The cartoon looks like this: Two people are walking into a house where a crowd under a "Poly Discussion Group" banner is having a knock-down, food-fight brawl. One of the new arrivals is saying to the other, "The topic must be poly versus swinging."

Polyamory is about love, swinging is about recreational sex; that's the stereotype. In reality, there's a lot of crossover and something of a continuous spectrum. Some swinger couples are poly at heart — developing deep, lasting affection for another couple they met at a swing club, with whom they begin to share their lives. Some were looking for polyamory without knowing it and simply encountered the swing world first — because it's better organized, better established, and about one hundred times larger (by my semi-educated guess). On the other side of the coin, some polys really do enjoy having lots of sex.
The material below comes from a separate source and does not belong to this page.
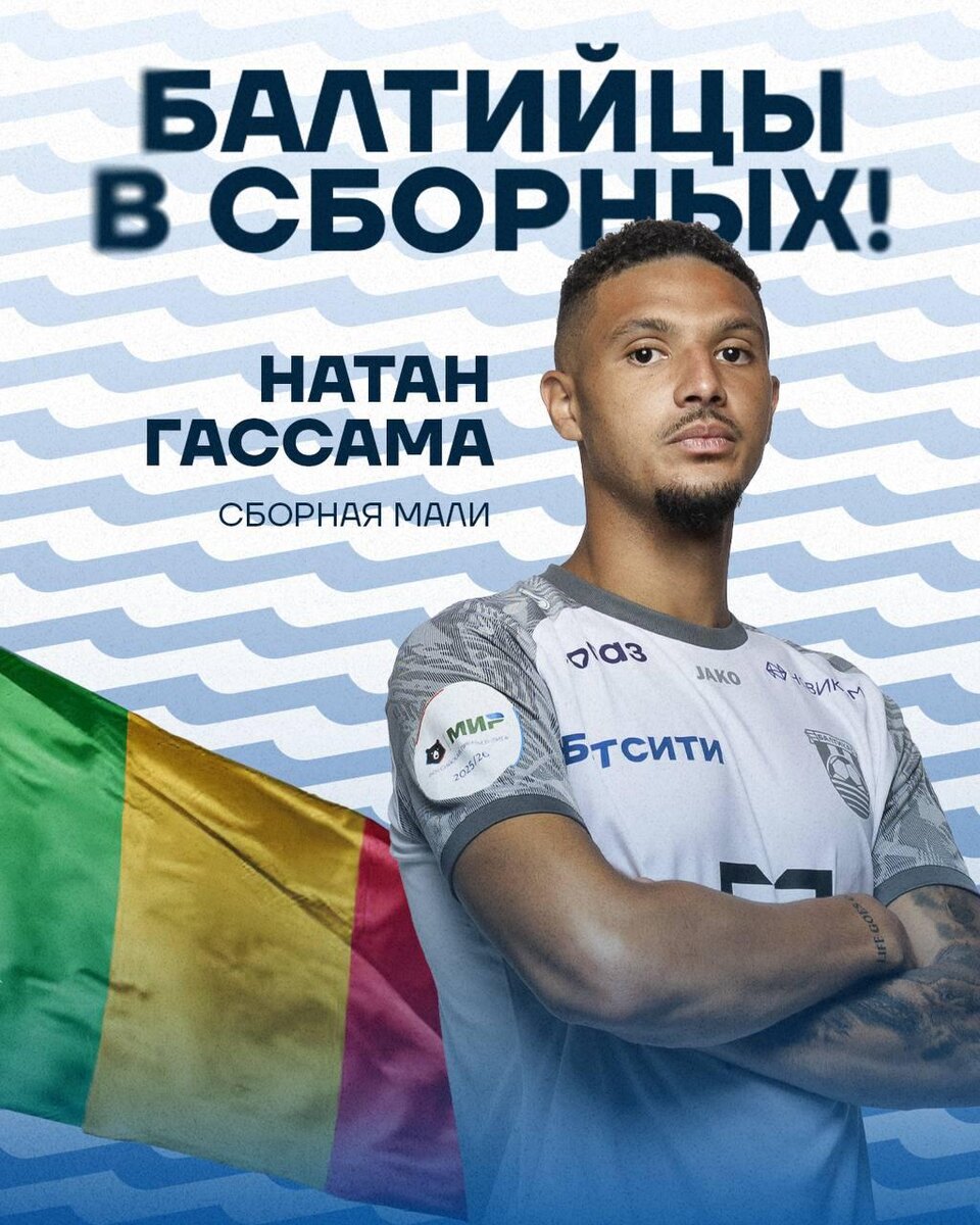 Натан Гассама вызван в расположение национальной команды Мали! Африканская сборная в мартовскую международную паузу проведёт одну встречу. В ней Натан может встретиться сразу с Мингияном Бевеевым, Максом Бориско и Максом Петровым! Россия 🇷🇺 — 🇲🇱 Мали 📆 31 марта; ⏰ 19:00; 🏟️ «Газпром Арена», Санкт-Петербург. С нетерпением ждём матч сборных с Балтийским контекстом 🤗

The biggest differences, in the opinions of some folks I've talked to, are in class, education, and attitude. Polys tend to be highly educated, happily geeky, socially radical, and feel they've discovered something truly big and important they want to share with the world. Religiously they tend to be atheist, pagan, or do-it-yourself spiritual. Swingers, on the other hand, tend to be less educated, more conservative and Christian (yes you heard right), more working-class, and sexist in terms of dress and roles (lesbian sex is hot, gay guys are unwelcome; porny getups are hot on women, men show up in t-shirts and jeans). Swingers stereotypically see themselves as just out to have fun, are glad to stay closeted, are generally coupled up as a matter of principle, and are afraid to use the word "love" outside the couple.

(Runs and ducks as the food fight begins.)

Last night (on Sept. 5, 2006), ABC News Primetime aired a report on swingers. This was a rebroadcast of the show that first aired on ABC 20/20 on March 18, 2005. Here's from the transcript article on the ABC News website:


On the hit ABC show "Desperate Housewives," cheating destroys marriages because spouses lie and get caught.

But we found couples who say they have found a way to enjoy the company of others without the deception. It's called the "lifestyle," or swinging, an arrangement in which couples have sex with other couples, and there is no secrecy.

...It's not like other clubs, because in back there's a locker room where couples can get undressed and, if they want, have sex in different bedrooms with other couples — or watch one another in hot tubs.

..."Tess was the first woman I ever kissed in my whole life. So you always have an innate curiosity about 'How would another woman feel?' I no longer have that curiosity," Bob said.

Swinging was Tess' idea. She heard about it from a girlfriend and was intrigued. She figured their relationship was strong enough to give swinging a try. "You have to be completely open and honest with each other," she said.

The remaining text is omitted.